Being a professional dancer and choreographer who received academic dance training from high school till university, YANG has an interest in different kinds of dance and was often regarded as “rebellious” during school years – a time when credentialism existed in Taiwanese society. The most important thing for teachers was for students to focus on their studies as well as the dance genres taught in school, jazz and hip-hop did not form part of YANG’s academic training, but they were what she liked. “I enjoy the feeling of freedom that hip-hop dance provides. We can dance at any moment and at any place, with or without music.” She’s impressed by the sense of humour that hip-hop dancers have alongside their approach to musicality and life, a sense of humour that was ignored during her dance education.
After graduation, YANG split her time between theatre creation and teaching performing arts in high school, where many of her students have a hip-hop dance background.
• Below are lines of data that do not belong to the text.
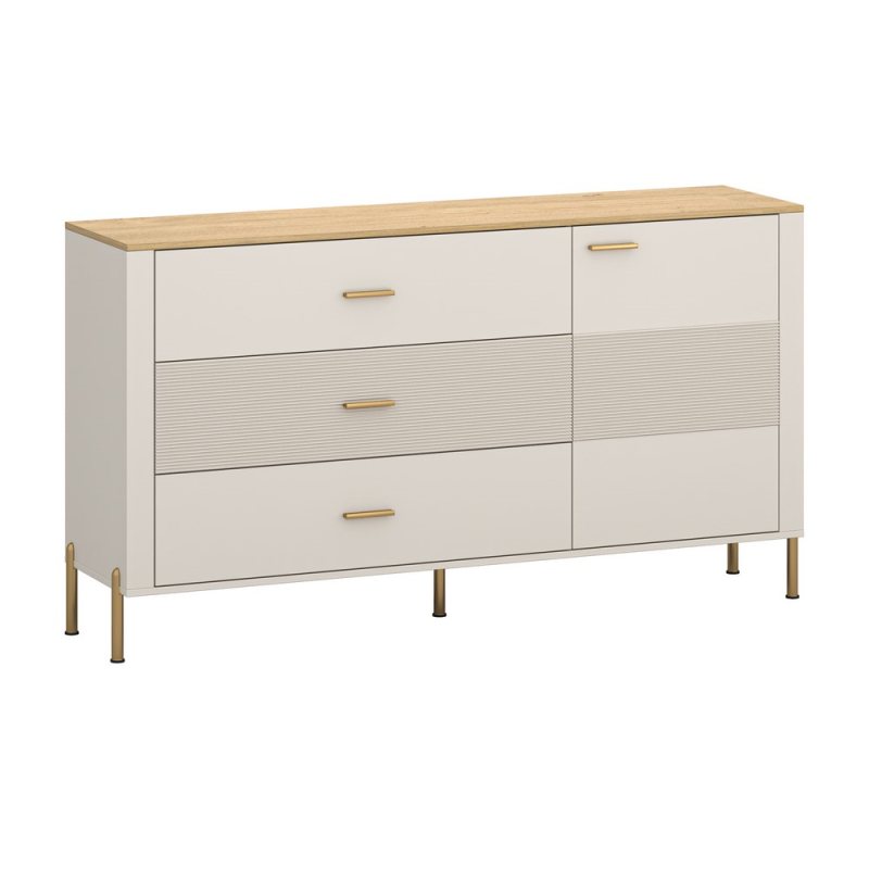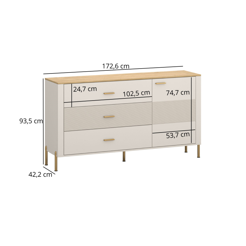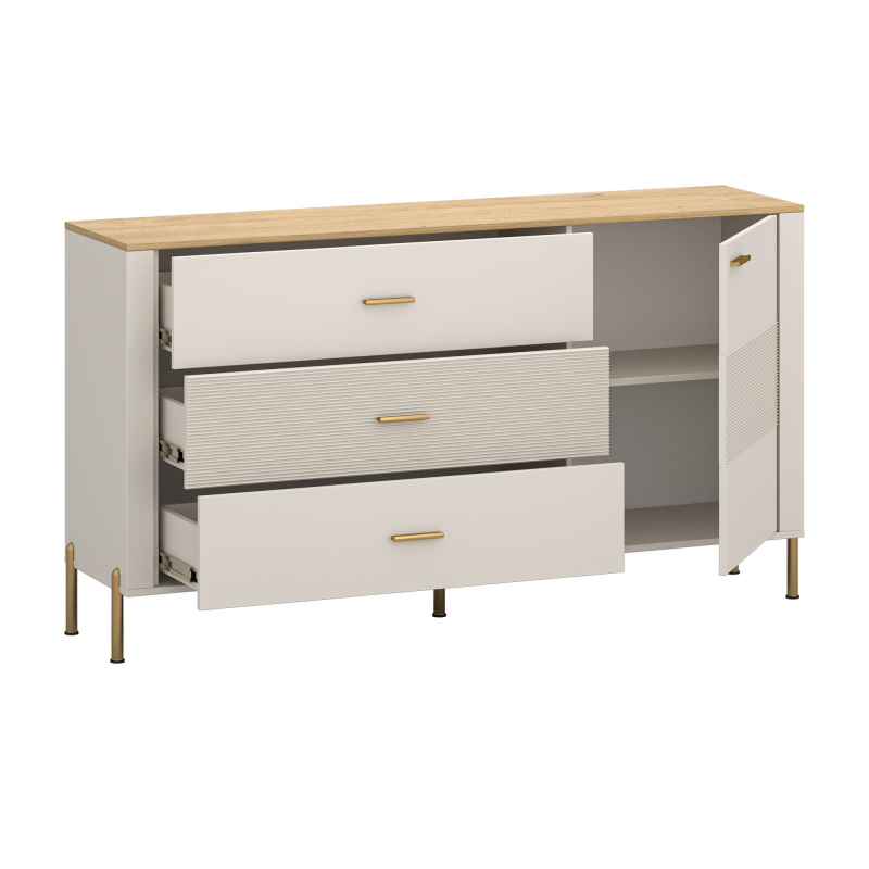 Fasadai: laminuota plokštė, MDF grioveliai padengti PVC folija Fasadų spalva: kašmyras Korpuso medžiaga: laminuota baldų plokštė Korpuso spalva: kašmyras Viršutinė dalis: laminuota baldų plokštė Viršutinės dalies spalva: akmens ąžuolas Stalčiai: rutuliniai guoliai, pilno ištraukimo Metalinės rankenos Metalinė koja Tvirtos lentynos: laminuota baldų plokštė Leidžiama lentynų apkrova [kg] 3 kg Surinkimas: Baldai skirti savarankiškam surinkimui
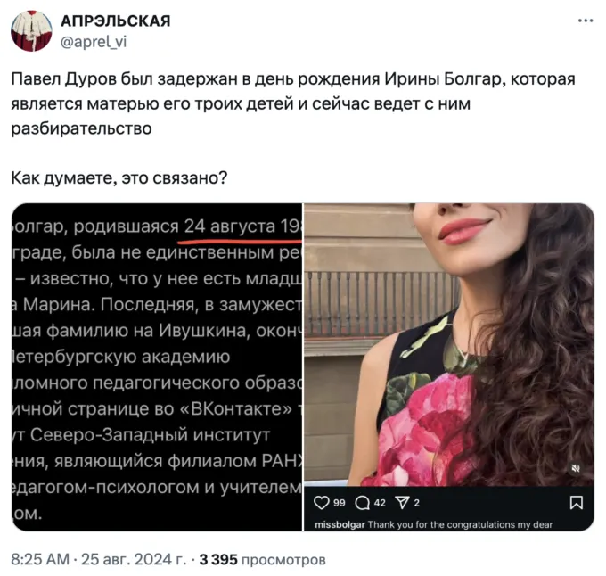Разбирательство во французском деле Павла Дурова продолжается, но на фоне давления местных властей основателя Telegram прессует еще и бывшая подруга. Ирина Болгар, которую называют матерью троих детей предпринимателя, подала на него в суд.
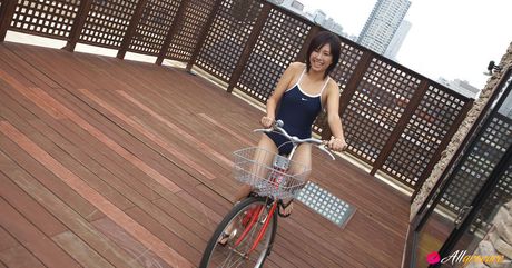 All Gravure: Ageha Yagyu Asian in spandex bath suit shows curves on bike
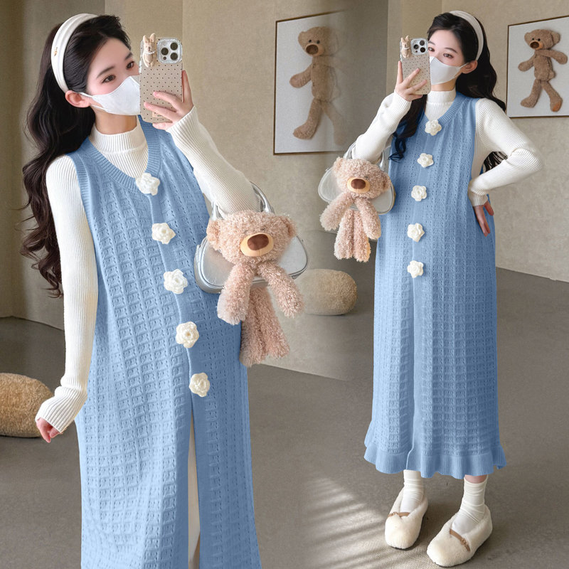 孕妇长袖连衣裙+针织马甲裙套装
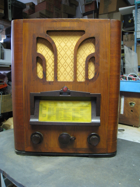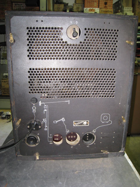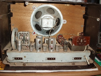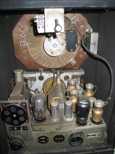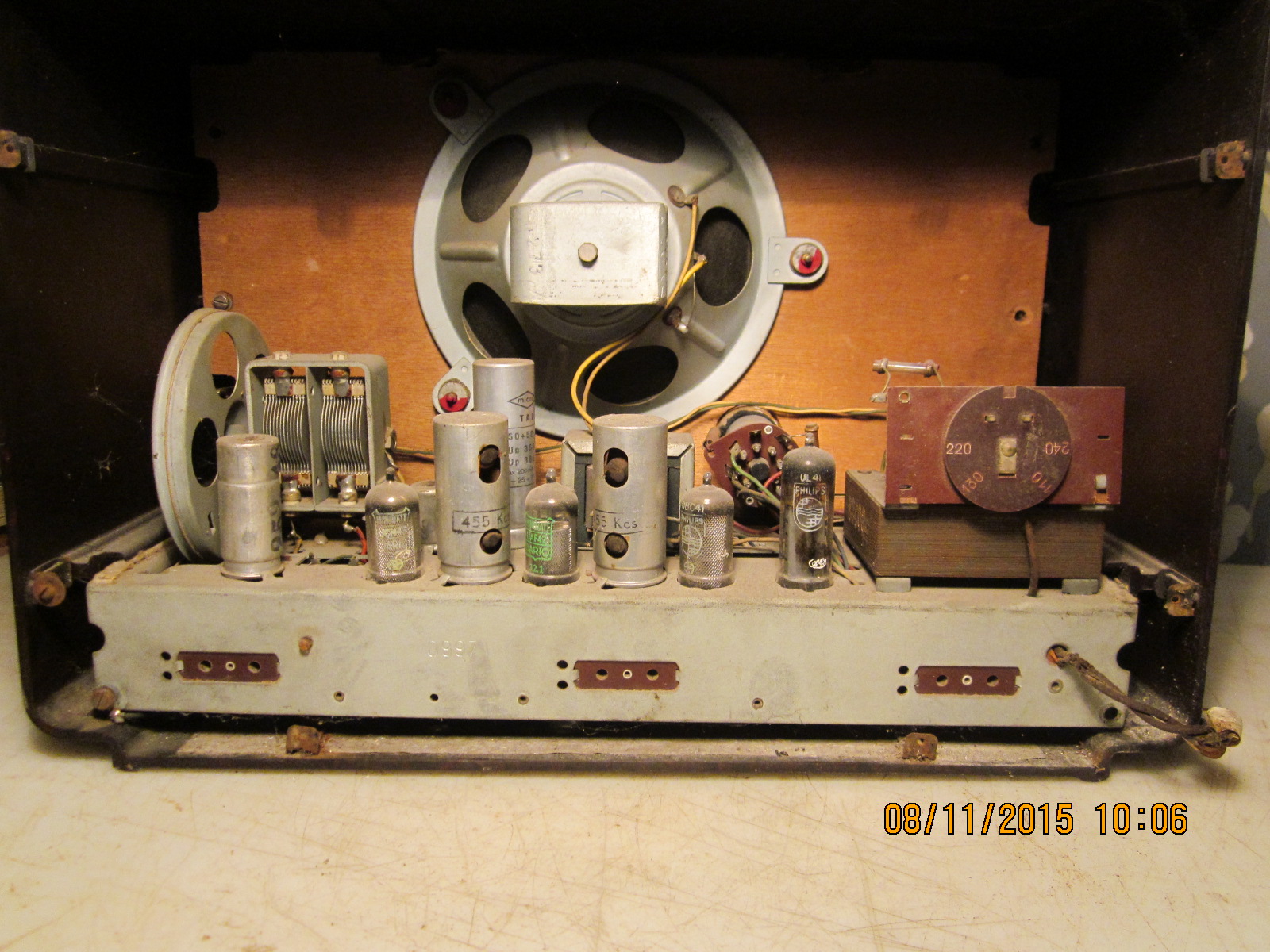 Je n’ aime pas trop les postes avec des lampes en série U , mais bon , semblant complet - sauf son écusson manquant - c’e st assez classique ! - , 4 boutons intacts d’ origine , caisse bakélite bien sale mais pas fêlée , cadran intact et toile en très bon état , avec son carton de dos , 4 vis sur 8 , pas grave …

How to share her theatrical experience and creations with these young people has been one of her major concerns for the past decade. In 2013 she was working on a new production that was going to tour to different cities in Taiwan and she sought a way to make dance accessible for more people, rather than for communities who’re already familiar with the arts. At this point she decided to integrate hip-hop dancers into her new production. A Take-away Show was inspired by hip-hop culture, a production that, merely with a floor and a speaker, brought dance to any corner in any city; it was a work as flexible as the hip-hop dancers she was working with. What she kept in mind while conceiving this work was not to necessarily create a great piece but to adopt a choreographic language that was understandable to young people and one which would make them feel the happiness of dancing.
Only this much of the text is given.